The Henry Ford Hospital participants were part of an international team of dermatology experts that have published for the first time in North America guidelines for diagnosing and managing hidradenitis (HS)suppurativa, the chronic and debilitating skin disease with currently no cure.
TrialSite News is very committed to the patient HS community. We engage frequently with various groups and have found that patients are truly struggling with this debilitating condition. Our main focus is investigational therapies (with an eye out continuously for a potential cure), but we also applaud this recent effort for a standard diagnosis.
As the Henry Ford press release declared, HS has a stigmatizing effect on individual’s socioeconomic status, mental health and overall quality of life. An estimated 1% to 4% of the world’s population struggles with HS.

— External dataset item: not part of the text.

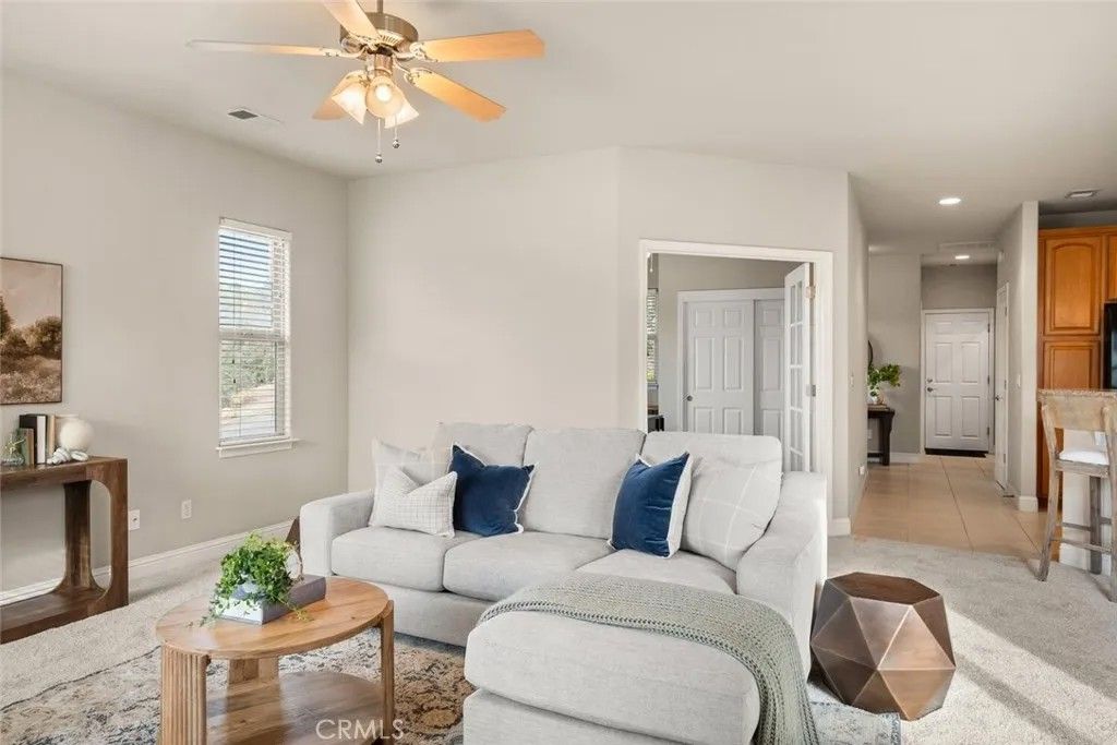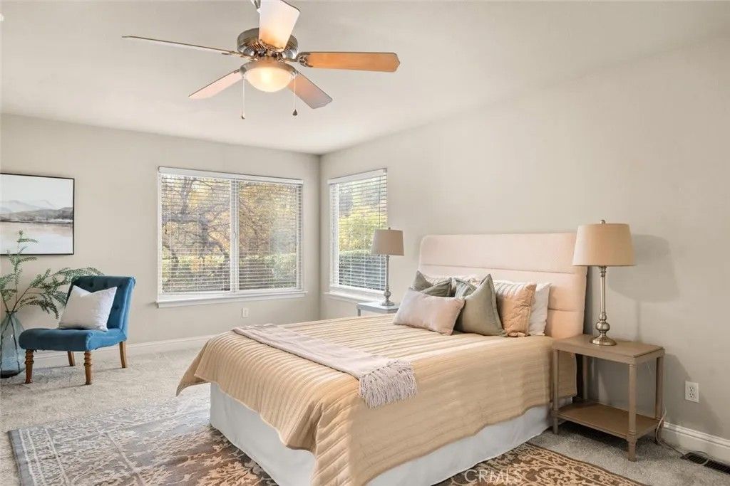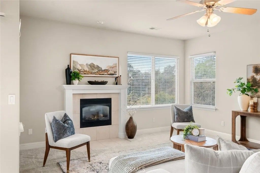Canyon Oaks! Nestled within the highly desirable gated community of Canyon Oaks, this charming 3-bedroom home offers the perfect blend of comfort, style, and modern elegance. Step inside to discover light, neutral tones, abundant natural light from numerous windows showcasing the park-like surroundings, and an inviting open floor plan. The cozy living room with its fireplace sets the stage for relaxing evenings on those cool winter nights. Any home chef will love the beautifully designed kitchen, featuring rich wood cabinetry, granite countertops, updated appliances, a gas range, double oven, and a spacious breakfast bar ideal for casual meals or quick snacks. When its time to unwind, the primary suite provides a true retreat with ample space, a private balcony overlooking the canyon, and a luxurious en suite bathroom complete with dual sinks, a tiled walk-in shower, and a generous walk-in closet. Additional highlights include two guest bedrooms, an indoor laundry room, ceiling fans throughout, new carpet, a second balcony off the dining area perfect for morning coffee by the seasonal creek, a tankless water heater, an owned whole-house water softener, and an attached two-car garage with abundant storage. With its exceptional location, serene views, and long list of upgrades, this Canyon Oaks home offers a lifestyle you wont want to miss!

These guidelines were recently published in the Journal of the American Academy of Dermatology to provide doctors, nurses and other health practitioners a roadmap for how to identify and treat HS, which for years has been misdiagnosed or underdiagnosed.
Not a Standard of Care
These guidelines are not a standard of care, noted the authors. Moreover, care of the HS patient is guided by both the physician and the patient—each and every patient brings unique attributes and characteristics that must be factored in to any care plan.
The guidelines are segmented into two parts including 1) covering epidemiology, diagnosis, surgical treatment and pain management strategies and 2) topical medicines, antibiotics and biologic therapies.
Henry Ford Participants
Iltefat Hamzavi, MD, a Henry Ford dermatologist and an international HS expert and Angela Miller, clinical research manager in dermatology helped write the guidelines. Dr. Hamzavi is the director of Henry Ford’s HS clinic, which sees one of the largest HS patient populations in North America.
Hope for HS Founded by Henry Ford Team Member
Ms. Miller, as a clinical research manager for a large system such as Henry Ford, has specialized in HS and truly has seen a lot of this difficult condition. With an understanding of all that patients must deal with she founded “Hope for HS,” a HS support group that meets regulatory at Henry Ford. Miller also serves as national coordinator of advocacy and support for the HS Foundation.
Key Guideline Highlights
The Henry Ford press release included highlights of some of the guidelines. They included:
- HS severity is classified by a method called Hurley staging. It has three stages, stage III being the most severe.
- Numerous comorbidities associated with HS including metabolic syndrome, polycystic ovary syndrome and inflammatory bowel disease. HS patients often benefit from therapy and other ways to cope with the mental stress it can cause
- Surgical options (lasering, excision and deroofing, etc.)
- Certain biologic medications and antibiotics (although as TrialSite News can attest HS patients must really do their homework).
- Laser hair removal treatment developed at Henry Ford (can be effective for state II and III).
Henry Ford, of course, calls for a multidisciplinary team approach—coordinated care management that treats the whole person. TrialSite News engages with HS community and can attest this is a strong, important patient population that has struggled long enough. It is time for research dollars, research community, and commercial sponsors to drive the next generation of progress for treatments toward an eventual cure.